Les Disparus has inevitably been compared with Emil and the Detectives: in both the criminals are brought to justice by a horde of children, and the infamous city casts much the same kind of shadow. We remember Rasp going to bed in his bowler in the horrible little hotel which belongs in a quarter nobody from St. Ethelburga's has ever visited, and we shall remember a long while after the details of Les Disparus are forgotten M. Michel Simon as the forger and secret drinker, with his great loose squashy face and his un- convincing swagger, getting tiddly and malicious at the school play, furious with his class in an observation test because no one has noticed the engraver's signature on a bank-note (they had all noticed the naked women), a grotesque and dangerous figure of fun who ends with a scream and a thud. (There are times when Simon reminds us of Laughton, but he is a less histrionic actor : we never notice the mechanics of his elastic voice.) Perhaps it is as well to add in these jittery days that the story is more humorous than sombre—the kidnapped child writing an account of his adventures in the old mill, badger- ing his admiring captors who read out the latest chapter every evening with pride and excitement ; the little groups of quarrelling pedants ; the pale porter who believes in the evil eye ; the whole unfamiliar atmosphere of a French school where a drum takes the place of the cracked bell and the worst accusation you can bring against another master is harshness to his class.
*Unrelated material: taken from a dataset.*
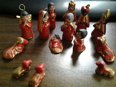 VERY VERY OLD CHINESE NATIVITY MINIATURE CHRISTMAS SET...14 PIECES!!!

The acting of the children is magnificent.

Young Man's Fancy is directed by Mr. John Stevenson, who made Tudor Rose. That picture seemed to me hope- lessly false in atmosphere, but it was cleverly directed. We don't possess many good fiction directors in this country, and it is a pity Mr. Stevenson was not given something better to make than his own refined and bitter-sweet story. This is a period piece in the worse—the Coward—sense. One can, however, sit through it: Golden Gloves, with Mr. McLaglen as a retired and tearful champ (I nearly wrote chimp), who works as a doorkeeper so that his worthless son can be really " class " in a top hat, beat me after twenty minutes.

GRAHAM GREENE.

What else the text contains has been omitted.